Task brief: Copy, with no pictures, the line that contains "The PV Wine" and each line after it down to the end of the entries below, exactly.

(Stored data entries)
########################################

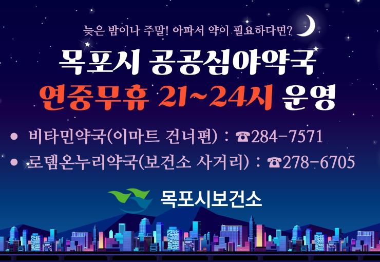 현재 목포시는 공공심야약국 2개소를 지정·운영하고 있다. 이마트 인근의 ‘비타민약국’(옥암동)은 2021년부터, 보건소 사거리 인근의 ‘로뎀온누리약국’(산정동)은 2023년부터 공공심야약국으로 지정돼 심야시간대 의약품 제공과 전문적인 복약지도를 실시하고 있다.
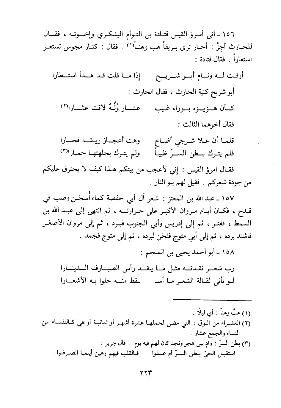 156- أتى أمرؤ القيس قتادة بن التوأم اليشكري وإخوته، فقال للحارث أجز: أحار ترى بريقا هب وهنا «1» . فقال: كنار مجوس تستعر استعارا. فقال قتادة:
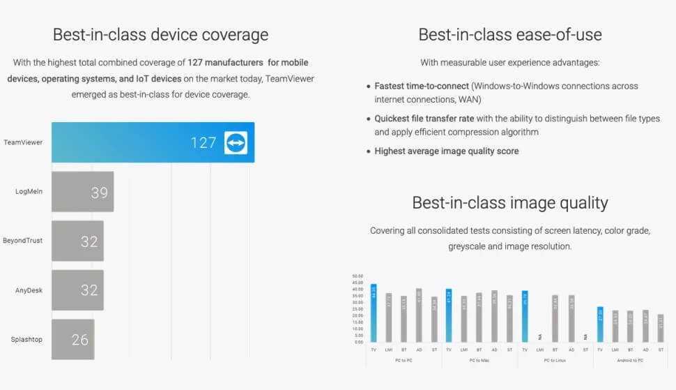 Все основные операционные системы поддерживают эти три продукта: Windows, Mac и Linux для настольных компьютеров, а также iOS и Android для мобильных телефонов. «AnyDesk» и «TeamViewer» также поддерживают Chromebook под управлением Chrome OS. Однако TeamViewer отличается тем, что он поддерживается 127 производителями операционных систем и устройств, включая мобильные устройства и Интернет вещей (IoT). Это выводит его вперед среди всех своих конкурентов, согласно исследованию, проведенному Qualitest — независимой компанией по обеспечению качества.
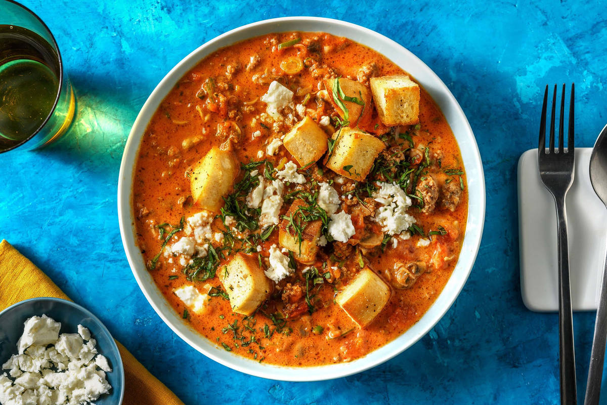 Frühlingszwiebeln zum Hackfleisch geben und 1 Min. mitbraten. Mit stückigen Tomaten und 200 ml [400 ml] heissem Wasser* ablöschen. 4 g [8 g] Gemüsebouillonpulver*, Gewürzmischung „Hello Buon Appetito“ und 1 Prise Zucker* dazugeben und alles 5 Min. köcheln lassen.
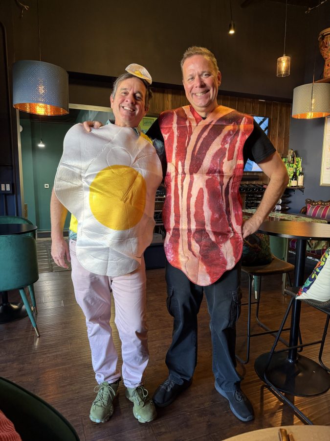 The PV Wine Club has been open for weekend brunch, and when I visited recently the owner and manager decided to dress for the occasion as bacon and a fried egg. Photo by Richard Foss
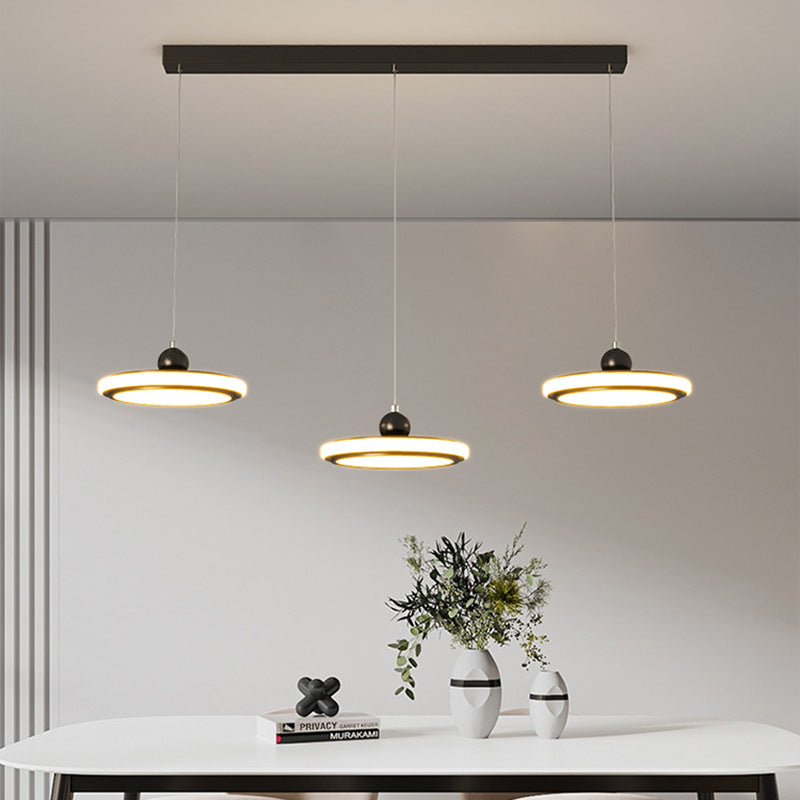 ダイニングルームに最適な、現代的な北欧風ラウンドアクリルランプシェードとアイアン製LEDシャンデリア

########################################

Problem solution:
 The PV Wine Club has been open for weekend brunch, and when I visited recently the owner and manager decided to dress for the occasion as bacon and a fried egg. Photo by Richard Foss
 ダイニングルームに最適な、現代的な北欧風ラウンドアクリルランプシェードとアイアン製LEDシャンデリア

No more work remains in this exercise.